— Едешь откуда?
— Из слободы.
— Как там наш Валерий? — и вдруг увидела, что парень не сводит глаз с Кычи. — Э-э… Я пойду в хотон… — полувопросительно сказала Ааныс. — Налей гостю чаю.
Ааныс прошла за печку и нырнула в дверь.
Кыча с невозмутимым видом продолжала полоскать чайную посуду, а Томмот так и остался стоять, не решаясь сесть на орон без приглашения. Он стоял и рассматривал её: смотри-ка, возгордилась! Уж не потому ли, что выходит замуж за этого ротмистра? Не сводя с неё испытующего взгляда, он всё же сел, да не на орон, а прямо за стол, скрестив на груди руки.
Как ни пыталась Кыча казаться безразличной, вид у неё был горестный. Круглое личико Кычи постоянно улыбалось, а сейчас оно заметно осунулось, побледнело и словно бы угасло от тяжких дум.
Убрав посуду в шкаф, Кыча вытерла стол, волосяную мочалку отнесла за печку и повесила сушиться. Когда она направилась за перегородку, Томмот встал на её пути:
— Налей мне чаю, Кыча.
— Не стряпуха я для белых.
— Прежнему Томмоту ты бы налила?
— Прежнего Томмота нет! Значит, и прежде не было его…
Томмот сам подошёл к шкафу, взял там чашку и налил себе из чайника. Здесь же в шкафу он взял кусок лепёшки и немного масла. Проголодался он! Однако не смог ни пить, ни есть.

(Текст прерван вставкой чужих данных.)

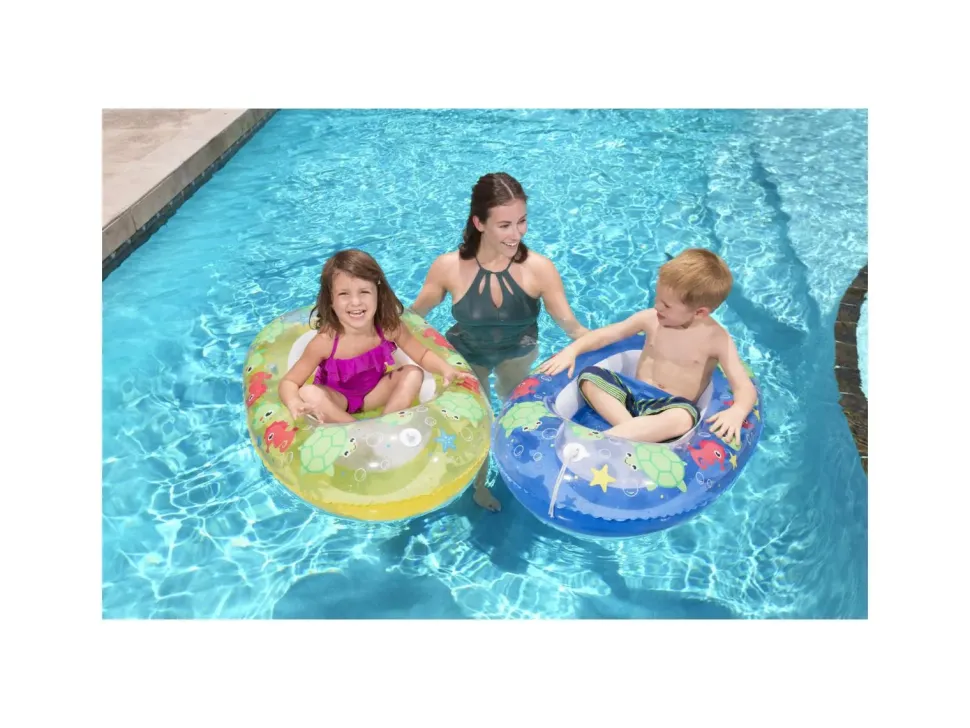 Questo Canottino Gonfiabile Da 102×69 Cm È Davvero L’Accessorio Da Mare Perfetto Per Il Tuo Bambino. Disponibile In 2 Colori Assortiti, Possiede Un Fondo Gonfiabile Per Un Maggiore Comfort, Una Fune Da Traino Con Gommini Integrati E Un Finestrino Trasparente.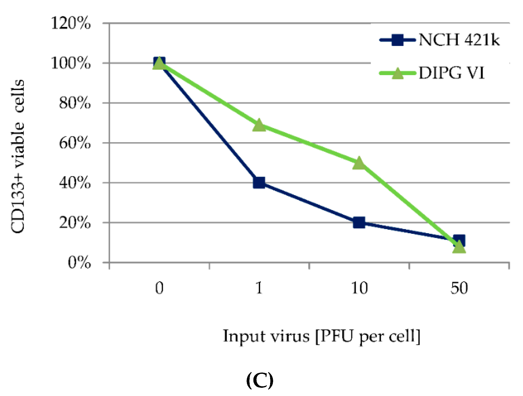 In some adult and pediatric GBM neurosphere cultures, infection went to completion, leading to the production and release of infectious progeny virions (Figure 3B). These data indicate that, at least to some extent, H-1PV replication takes place in HGG stem cells, and that virus multiplication and spread throughout the tumor may occur in patients. The cellular factors restricting the ability of some HGG cells to support a productive H-1PV infection remain to be identified [47]. It is noteworthy that irrespective of their capacity for sustaining a productive infection, all HGG neurosphere cultures tested were sensitive to the cell-killing effect of H-1PV in a dose-dependent fashion (Figure 4). The sensitivity of HGG stem-like cells to H-1PV toxic activity was independent of the tumor molecular make-up and the patient age or risk profile. The LD50 determined for the adult glioma stem-like cells was in the range of the effective doses previously determined for adherent adult GBM cell lines [48,49]. Interestingly, H-1PV exerted significant cytotoxic effects on both DIPG and GBM neurosphere culture models of pediatric origin at comparably low multiplicities of infection. Co-staining for Nestin and the viral protein NS1 showed that expression of stem cell markers was maintained in HGG cells undergoing viral transduction arguing against a neural differentiation-inducing effect of H-1PV in HGG cells. Accordingly, flow-cytometric analysis of HGG neurosphere cells surviving H-1PV infection showed no enrichment in CD133 negative cells.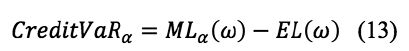Así también, se estimó el valor en riesgo (VaR) de crédito o CreditVaRa,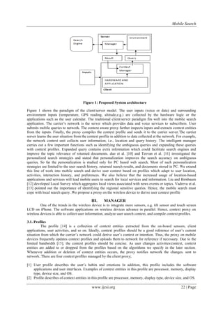This document discusses the importance of personalized mobile search and how it differs from traditional PC-based search due to limitations such as screen size and bandwidth. It proposes a client-side architecture that utilizes context profiles, derived from user information and situational data, to expand ambiguous search queries and improve result relevance. The framework aims to enhance user experience by leveraging context-aware strategies tailored to individual preferences and locations.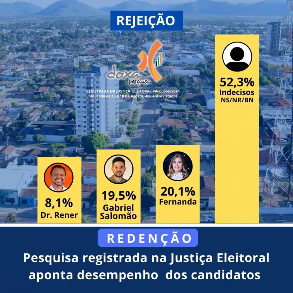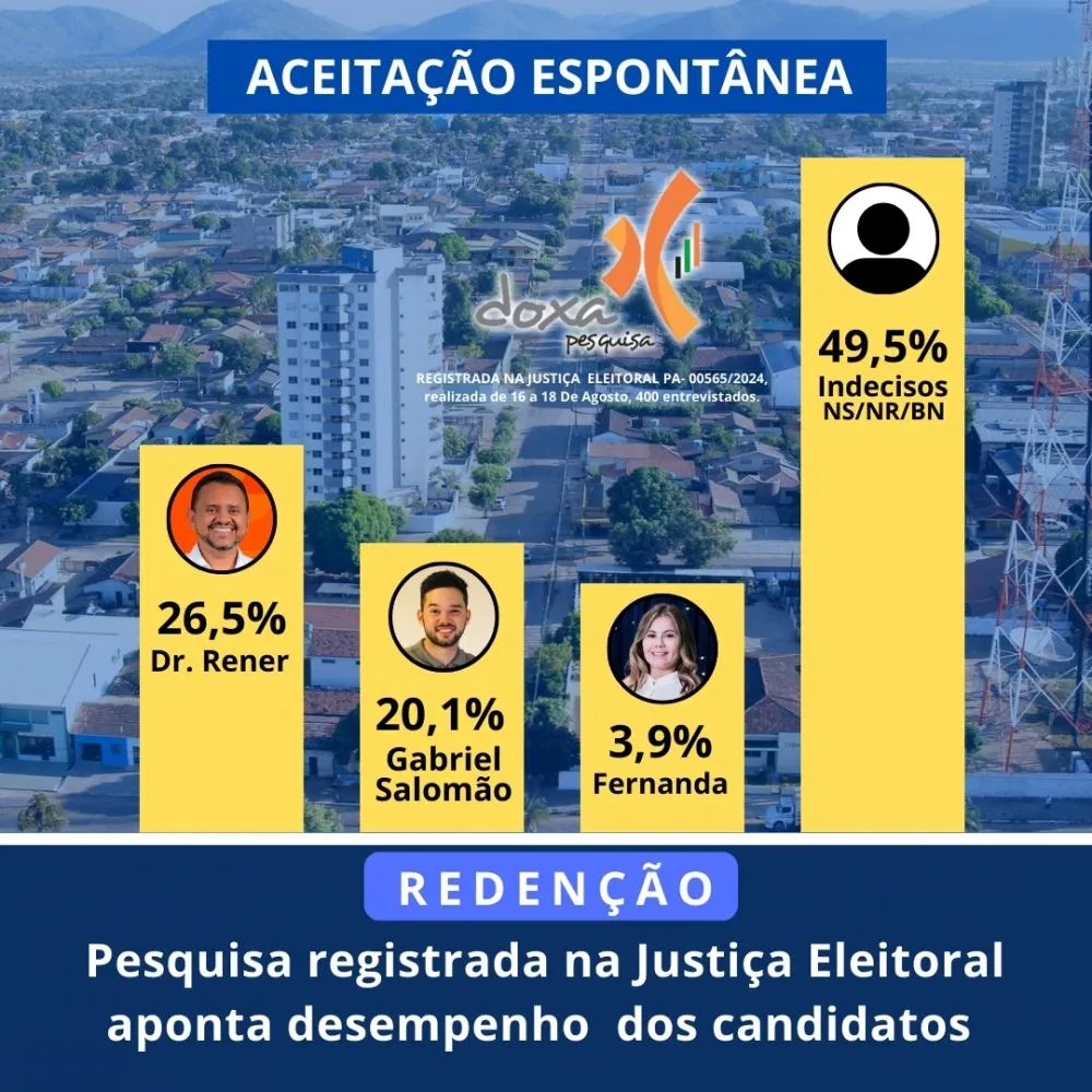 Esta é a nona pesquisa registrada na Justiça Eleitoral sobre as eleições 2024 na cidade de Redenção. Em todas, os candidatos Gabriel Salomão e Dr. Rener, polarizam a competição. De acordo este levantamento estatístico, na modalidade espontânea, se a eleição fosse hoje o odontólogo Dr. Rener, seria o eleito com 26,5% dos votos. O jovem Gabriel Salomão seria o segundo colocado com 20,1% e Fernanda Teodoro seria a menos votada com 3,9%. Os que não responderam, brancos, nulos e indecisos somariam 49,5%.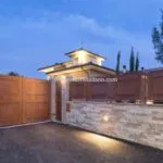 Surrounded on three sides by a concrete wall covered in travertine and topped by an iron railing the final side is closed by a wooden fence. Three gates (one of which is for cars) give access to the property. The garden (4,000 sqm) is equipped with irrigation and lighting systems with dusk sensors.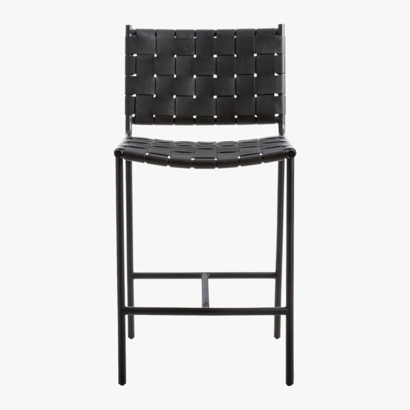 Laid-back design recalls classic midcentury style. Designed by Mermelada Estudio, the silhouette was fine-tuned and rich black leather was woven for the seat and back. Due to differences in all-natural leather, each stool will be unique. Learn about Mermelada Estudio on our blog. CB2 exclusive.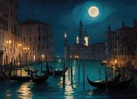 Venice in waterkleuren met de typische gondels en de maan over de kanalen in deze unieke stad .nachtfoto.
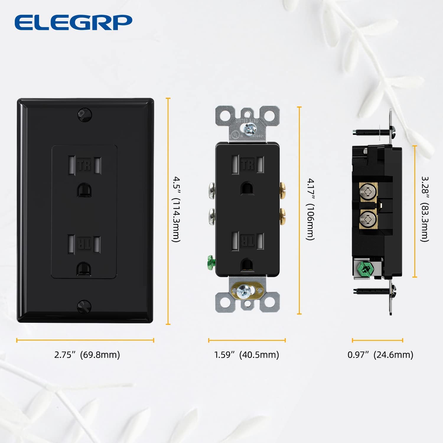 ELEGRP Single Pole Toggle Light Switch, 15 Amp, 120 Volt, Toggle Framed AC Quiet Switch, In Wall On/Off Switch Replacement, Self-Grounding, Residential and Commercial Grade, UL (10 Pack, Glossy Black) & ELEGRP Black Outlets Receptacles Tamper Resistant Outlet Decora Outlet Wall Outlet 15 Amp Outlet Electrical Outlet, Self-grounding Outlet, Duplex Outlet with Wallplate, 125V, 5-15R, UL Listed, 10 Pack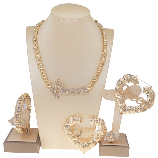 Four-Piece Letter Jewelry Set Gold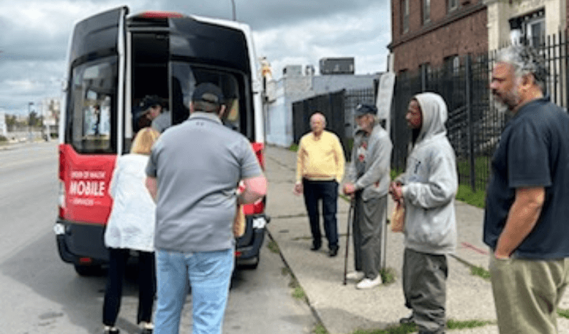 Also at the First Saturday event, Sean Shriner, Member in Formation, collected 140 sandwiches and other supplies provided by Michigan Area members and parishioners at St. Edith’s in Livonia, as part of the Michigan Area’s “Into the Fire” ministry to Detroit’s homeless. That afternoon, Sean and his wife, Jenna; Thomas Larabell, KM; Barbara Wilson, DM; and Robert Wilson, DM, distributed 120 sack lunches to people living on the streets of Detroit. The remaining 20 lunches were donated to Detroit Rescue Mission.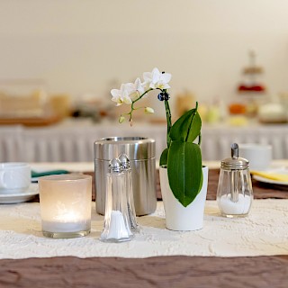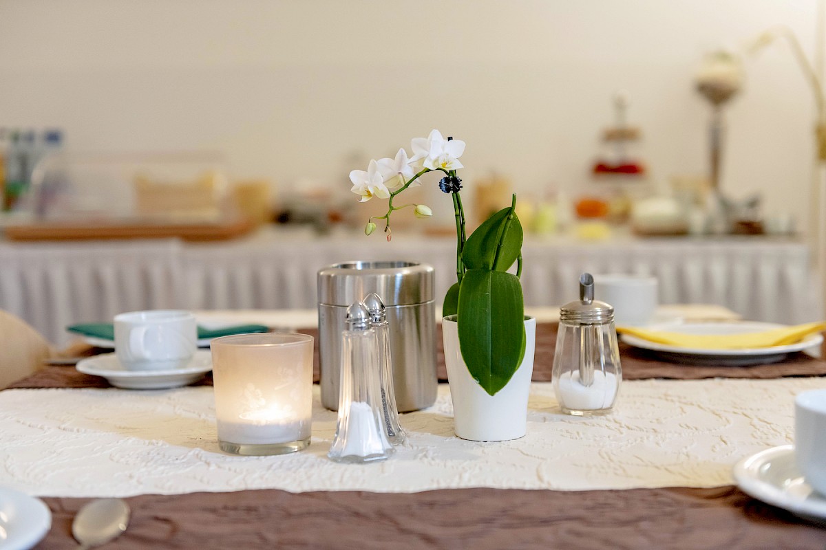Our beautiful dining room offers the perfect setting to start the new day invigorated. In summer, when the weather is nice, we open our beautiful terrace for you to enjoy your breakfast there. Feel at home with us, whether you are a private or business guest.
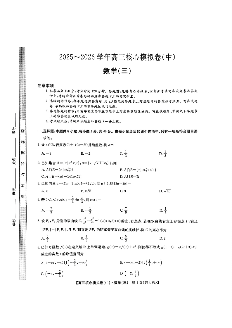 2025~2026学年高三核心模拟卷(中)数学试题(含答案).pdf

— Сыт небось? Награбленным…
— Я никого не грабил. Это правда…
— В Якутске ты тоже говорил правду?
Томмот поднял голову, и некоторое время они молча глядели друг на друга.
— Увидеться с тобой… Я за этим приехал.
— Врёшь!
— Если ты на меня так кричишь, то почему уехала из города?
— Обо мне другой разговор.
— Значит, ты вольна поступать как заблагорассудится, а мне сделать по-своему нельзя?
— Если хочешь знать, я не убегала. Не дезертир я, ты меня с собой не равняй!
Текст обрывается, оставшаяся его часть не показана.